But you know this, lovely readers. Those of you who have been here since the beginning. You know.

But more importantly, I know. We know. We know who we are and what we're out to create. We know that we're far from perfect. We know that as hard as we try, we'll never completely have our shit together. We'll never be perfect. But we can learn. And make up for our mistakes by not repeating them. By reaching out to others. By being a voice for positivity.

How to not care what the haters think
Needless to say, after my Curbed LA experience, I chose not to read the comments on the Eastsider LA post. I was told that in addition to the haters, there were also people defending us. Just like on the Curbed LA post. And that's nice. But I am really working on not caring what total strangers think of us and instead focus on what is within my control...
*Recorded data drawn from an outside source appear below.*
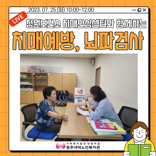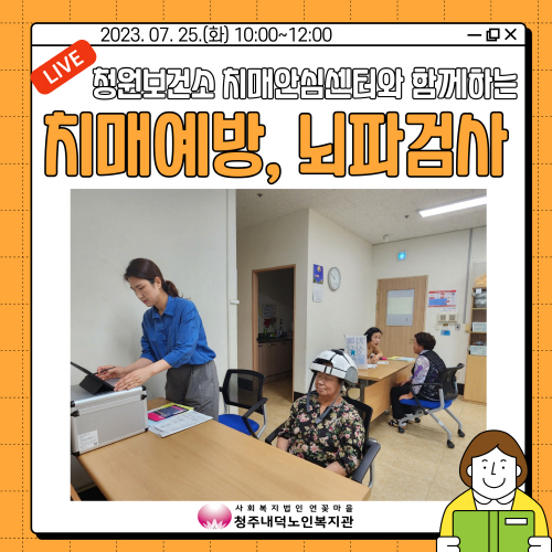청주내덕노인복지관에서는 2023년 7월 25일(화) 10:00~12:00 청원보건소 치매안심센터와 함께 치매예방을 위한 뇌파검사가 1층 상담실에서 진행되었습니다.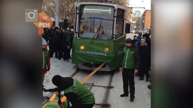 Видео: иркутянка Кошелева установила мировой рекорд, сдвинув два трамвая с пассажирами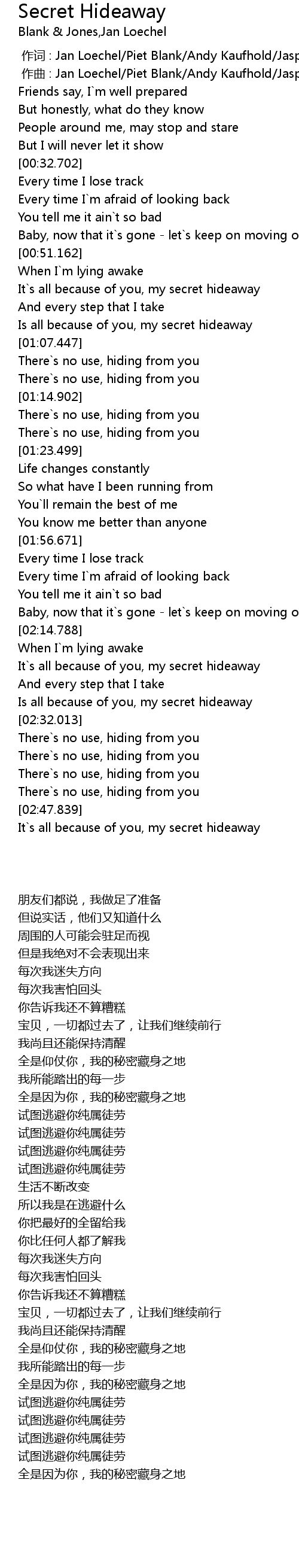 | [02:51.834] | It`s all because of you, my secret hideaway |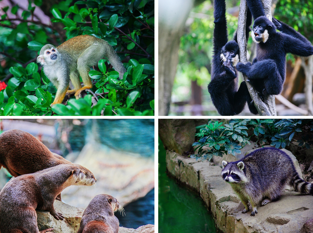 小动物区有水獭、小浣熊、狐獴、松鼠猴、小熊猫等,我们还看到娇小的龙猫,只见狐獴和小猴子在树丛跑来跑去,它们跑得太快了想拍照却未果。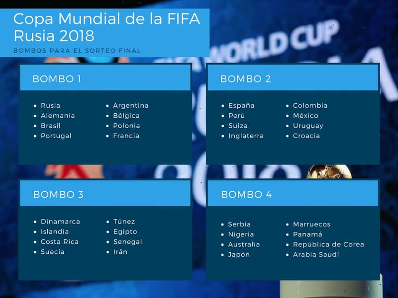 En setiembre pasado, la Comisión organizadora de competiciones de la FIFA confirmó que las 32 selecciones se dividirán en cuatro bombos (8 países en cada uno), según los principios deportivos.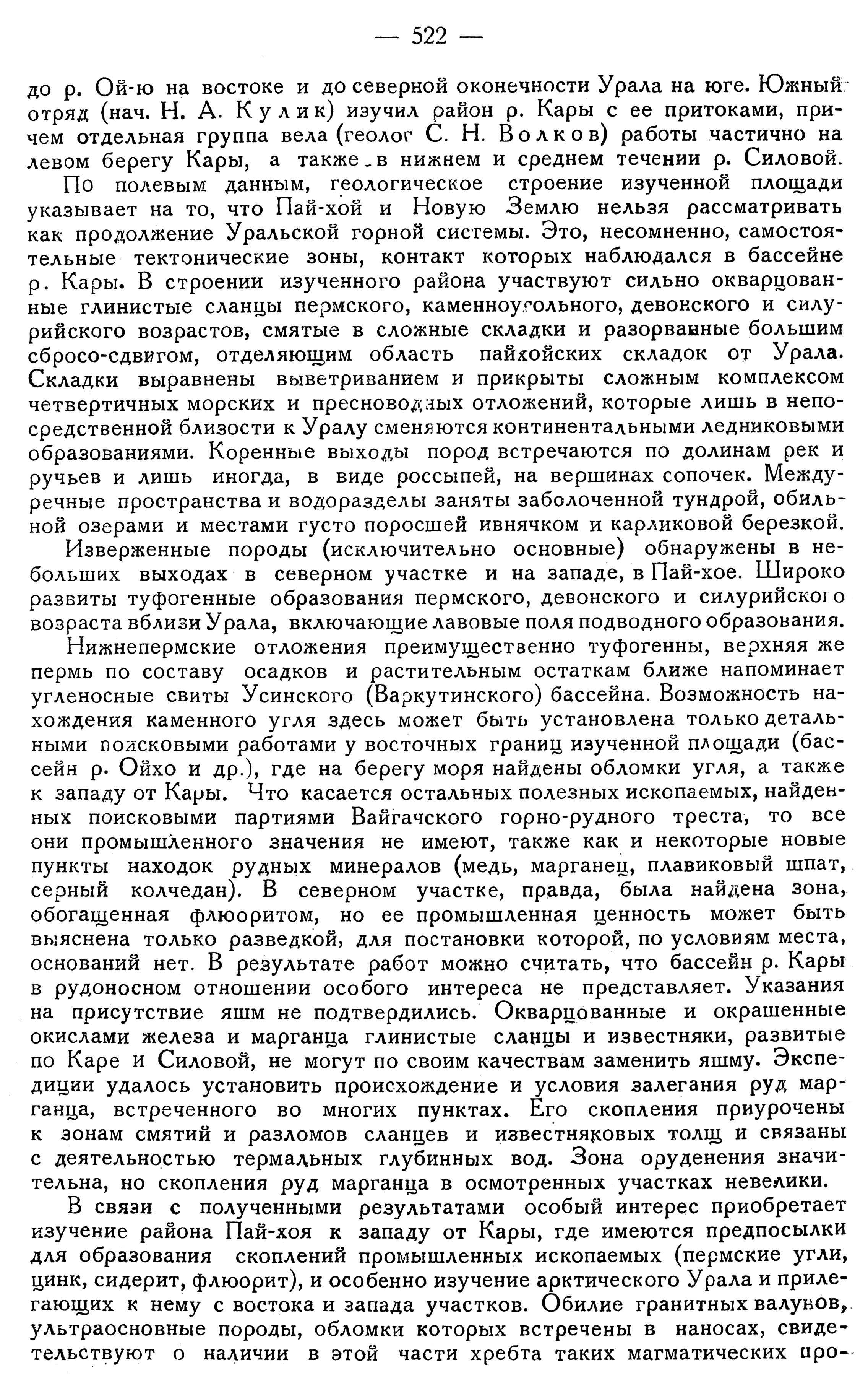 В связи с полученными результатами особый интерес приобретает изучение района Пай-хоя к западу от Кары, где имеются предпосылки для образования скоплений промышленных ископаемых (пермские угли, цинк, сидерит, флюорит), и особенно изучение арктического Урала и прилегающих к нему с востока и запада участков. Обилие гранитных валунов, ультраосновные породы, обломки которых встречены в наносах, свидетельствуют о наличии в этой части хребта таких магматических про-
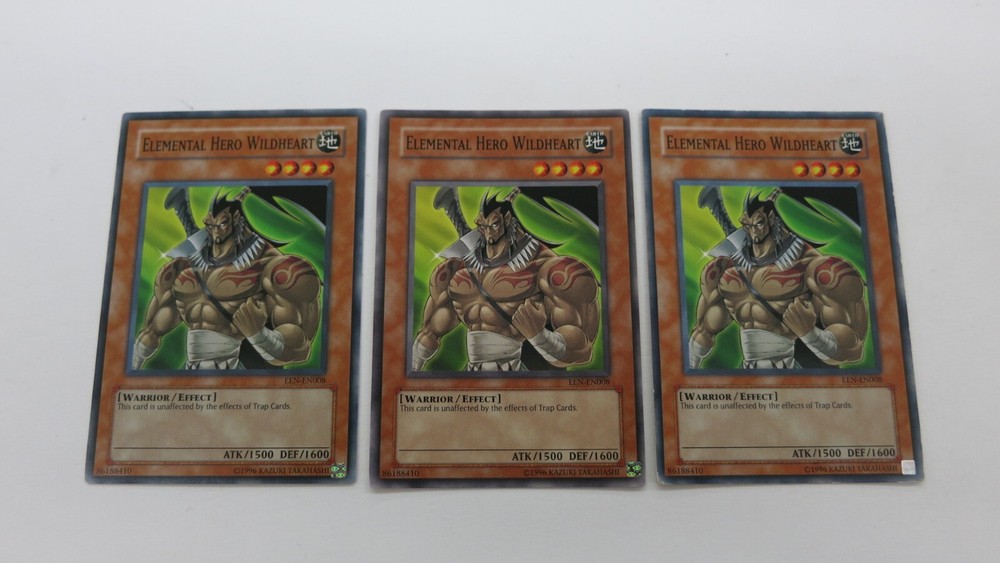 Welcome to Great_Deals_On_Collectibles.We are in the retail hobby sector and have been since 1991.We sell sportscards,gaming cards,comic books,action figures,plush toys and various other hobby related items.We have been on Ebay since 1999.We try to make buyers experience on EBAY as satisfying as possible.Our feedback on Ebay speaks volumes.Every item we have up for auction is LIVE and ready to be shipped upon payment. If you have any questions feel free to contact us,thanks for showing interest. YUGIOH You are bidding on 3x ELEMENTAL HERO WILDHEART UNLIMITED EDITION EEN-EN008 COMMON YUGIOH NM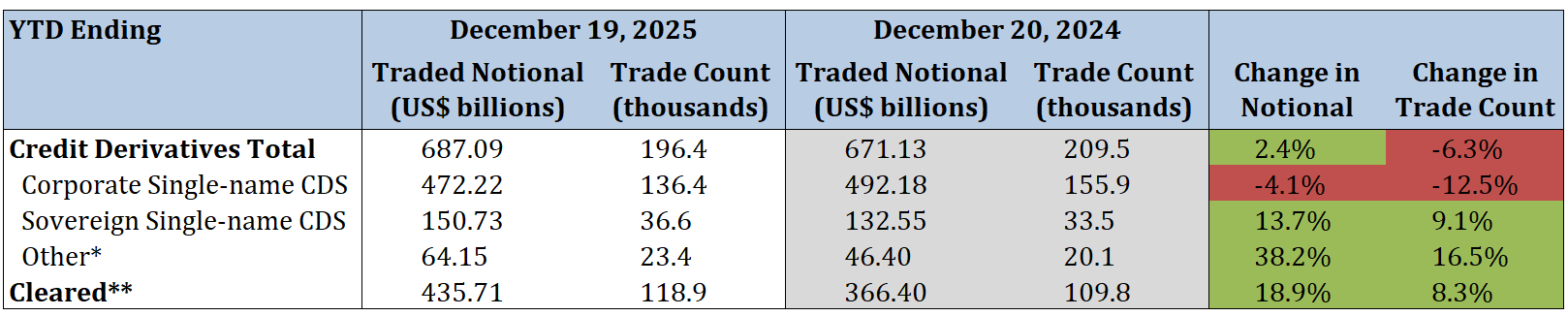 - Total security-based credit derivatives traded notional increased by 2.4%, while trade count decreased by 6.3%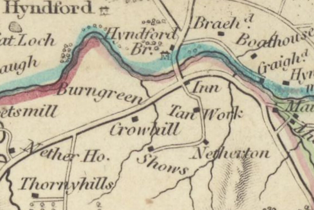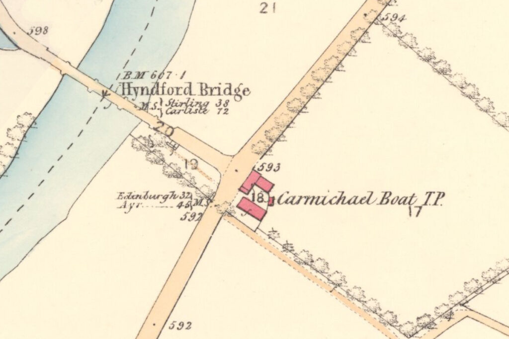 1.) This strip map was published just after Hyndford Bridge was constructed, and shows both the route of the bridge and the Carmichael Boat. 2.) Thomson’s map of 1822 shows an inn at the southern approach to Hyndford Bridge. 3.) 25″ OS map c.1860 shows the toll house – clearly titled “Carmichael Boat T.P.) along with two other buildings, perhaps associated with the former inn.

Being a responsible, generous, loving and authentic human being.

I don't always succeed in every area. But I get a new chance to make that effort every day. Every moment, actually. Every moment is a choice to either be great or something else.

As my grandma and probably every grandma in history used to say:

"If you don't have anything nice to say, don't say anything at all."

In this internet day in age, that has changed to:

"If you don't have anything nice to say to their face, go online and say it anonymously."

So, anonymous commenters, I say to you:

Thank you for being such a shining light of perfection in this world. I don't know what we'd do without people like you who are so unburdened by compassion and have never made a single mistake in your entire life.

Did I "ask" for this?

I suppose so. I did choose to put myself out there in a very public way. Not only did I write about an embarrassing topic on my blog, I also wrote a book. I really put myself out there.

Having unflattering things written about you is not fun. It can really sting. It all comes with the territory, though. If you choose to create and put something into the world, you're going to open yourself up to opinions and judgements. That is the price. It just is. And the quantity of haters only increases as your impact in the world grows.

As such, fear of other people's judgements is what keeps a lot of people from putting themselves out there.

So what do you do? Hold back? Hell, no.

Then what?

Ignore the haters. And just keep on putting yourself out there.

I'm glad I did.

Why?

Because I know it makes a difference.

How? Because you tell me that it does.

Thank you for telling me. It really does help to know that.
How else to deal with the hate?

Take Tim Ferriss' advice
Tim Ferriss is the author of the bestsellers- The 4-Hour Workweek and The 4-Hour Body. Bob and I are both big fans of him and his out-of-the-box approach to life. He is someone who holds nothing back. And he's also not a stranger to internet haters. His video presentation "Tim Ferriss Scam! Learning to Love Haters: Practical Tactics" is really eye-opening.

And tip #5 from the Mashable interview with Tim Ferriss-  7 Great Principles for Dealing with Haters - is especially helpful:

5. “If you want to improve, be content to be thought foolish and stupid.” (Epictetus)
“Another way to phrase this is through a more recent quote from Elbert Hubbard,” Ferriss says. “‘To avoid criticism, do nothing, say nothing, and be nothing.” Ferriss, who holds a Guinness World Record for the most consecutive tango spins, says he has learned to enjoy criticism over the years. Ferriss, using Roman philosophy to expand on his point, says: “Cato, who Seneca believed to be the perfect stoic, practiced this by wearing darker robes than was customary and by wearing no tunic. He expected to be ridiculed and he was, he did this to train himself to only be ashamed of those things that are truly worth being ashamed of. To do anything remotely interesting you need to train yourself to be effective at dealing with, responding to, even enjoying criticism… In fact, I would take the quote a step further and encourage people to actively pursue being thought foolish and stupid.”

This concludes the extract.